可以将文章内容翻译成中文,广告屏蔽插件可能会导致该功能失效(如失效,请关闭广告屏蔽插件后再试):
问题:
I am new to airflow and trying to setup airflow to run ETL pipelines. I was able to install
- airflow
- postgres
- celery
- rabbitmq
I am able to test run the turtorial dag. When i try to schedule the jobs, scheduler is able to pick it up and queue the jobs which i could see on the UI but tasks are not running. Could somebody help me fix ths issue? I believe i am missing most basic airflow concept here. below is the airflow.cfg
Here is my config file:
[core] airflow_home = /root/airflow dags_folder = /root/airflow/dags base_log_folder = /root/airflow/logs executor = CeleryExecutor sql_alchemy_conn = postgresql+psycopg2://xxxx.amazonaws.com:5432/airflow api_client = airflow.api.client.local_client [webserver] web_server_host = 0.0.0.0 web_server_port = 8080 web_server_worker_timeout = 120 worker_refresh_batch_size = 1 worker_refresh_interval = 30 [celery] celery_app_name = airflow.executors.celery_executor celeryd_concurrency = 16 worker_log_server_port = 8793 broker_url = amqp://rabbit:rabbit@x.x.x.x/rabbitmq_vhost celery_result_backend = db+postgresql+psycopg2://postgres:airflow@xxx.amazonaws.com:5432/airflow flower_host = 0.0.0.0 flower_port = 5555 default_queue = default
DAG: This is the tutorial dag i used
and the start date for my dag is -- 'start_date': datetime(2017, 4, 11),
回答1:
have your run all the three components of airflow, namely:
airflow webserver airflow scheduler airflow worker
If you only run the previous two, the tasks will be queued, but not executed. airflow worker will provide the workers that actually execute the dags.

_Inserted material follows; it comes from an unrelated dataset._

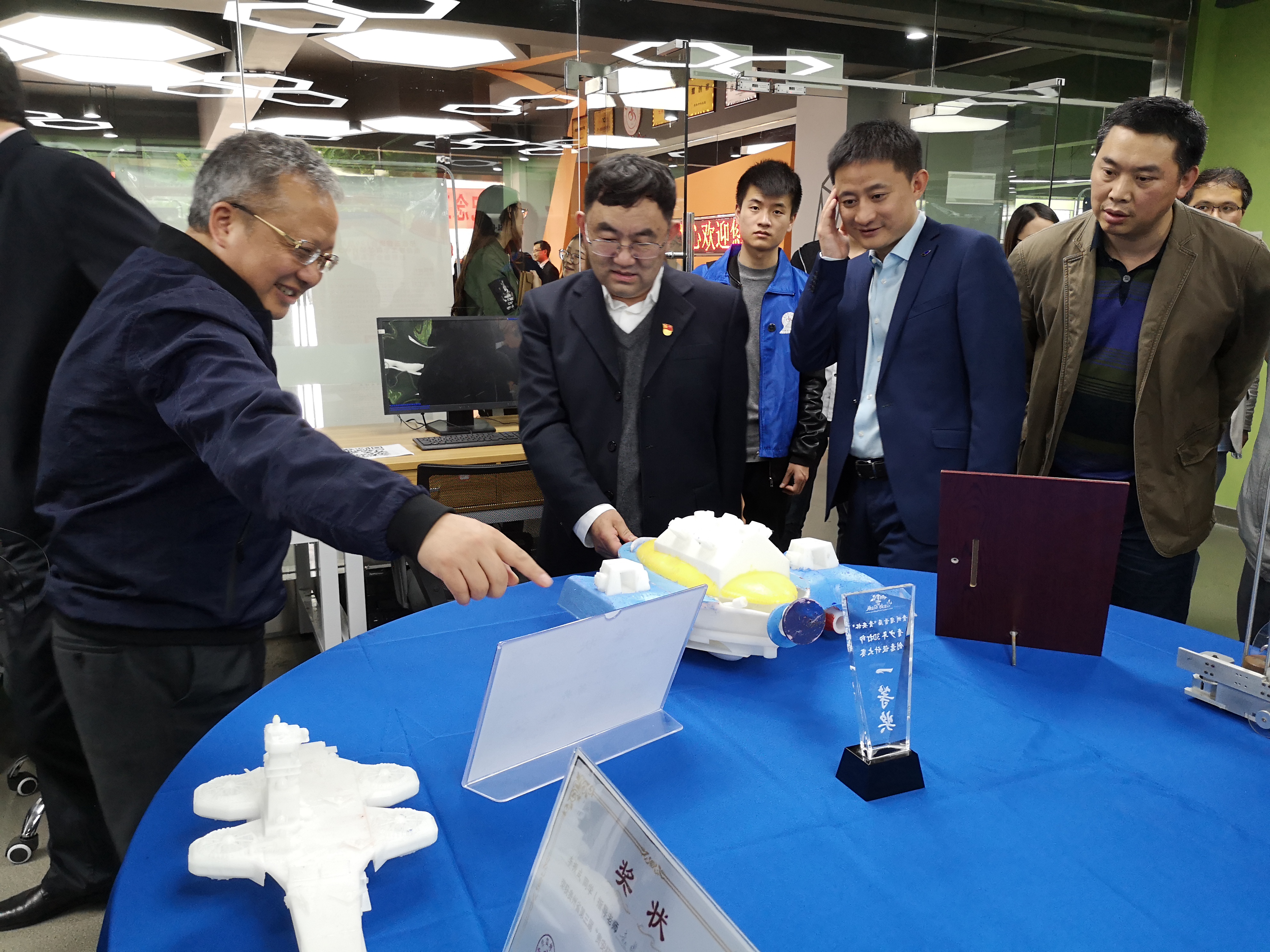 2019年5月9日,“纪念五四运动100周年”贵州理工学院首届大学生创新创业成果展开幕式暨“互联网+”创新创业大赛“青年红色筑梦之旅”启动仪式在创新创业中心开展。工程训练中心(以下简称中心)3D打印创新实验室作为本次成果展的重要展点,集中展出了一批中心教师近年来指导学生获得的创新创业成果奖项和作品。中心展出的作品受到学校领导、各学院教师和学生的广泛关注,校领导亲临展台并仔细观摩学生作品,在肯定学生作品的同时,也指出了作品的一些不足之处,为中心教师指导学生创新创业提出了宝贵的建议。展览当天,来自学校不同专业的部分同学积极与中心教师交流,展览获得了圆满成功。
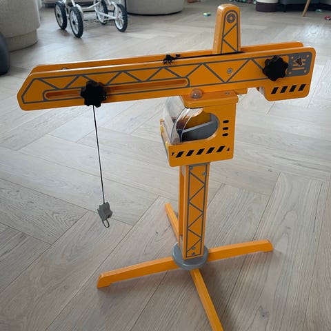 Heisekran laget i tre fra IKEA med bevegelig arm og flere fargerike klosser med magneter. Passer for barn og kan brukes til lek og utvikling av motoriske ferdigheter.

Also btw, celery 4.0.2 is not compatible with airflow 1.7 or 1.8 currently. Use celery 3 instead.
回答2:
I tried to upgrade to airflow v1.8 today as well and struggled with celery and rabbitmq. What helped was the change from librabbitmq (which is used by default when just using amqp) to pyamqp in airflow.cfg
broker_url = pyamqp://rabbit:rabbit@x.x.x.x/rabbitmq_vhost
(This is where i got the idea from: https://github.com/celery/celery/issues/3675)
回答3:
I realise your problem is already answered and was related to a celery version mismatch, but I've also seen tasks queue and never run because I changed the logs location to a place where the airflow service user did not have permission to write.
In the example airflow.cfg given in the question above: base_log_folder = /root/airflow/logs
I am using AWS EC2 machine and changed the logs to write to base_log_folder = /mnt/airflow/logs
In the UI there is no indication given as to why tasks are queued, it just says "unknown, all dependencies are met ..." Giving the airflow daemon/service user permission to write fixed it.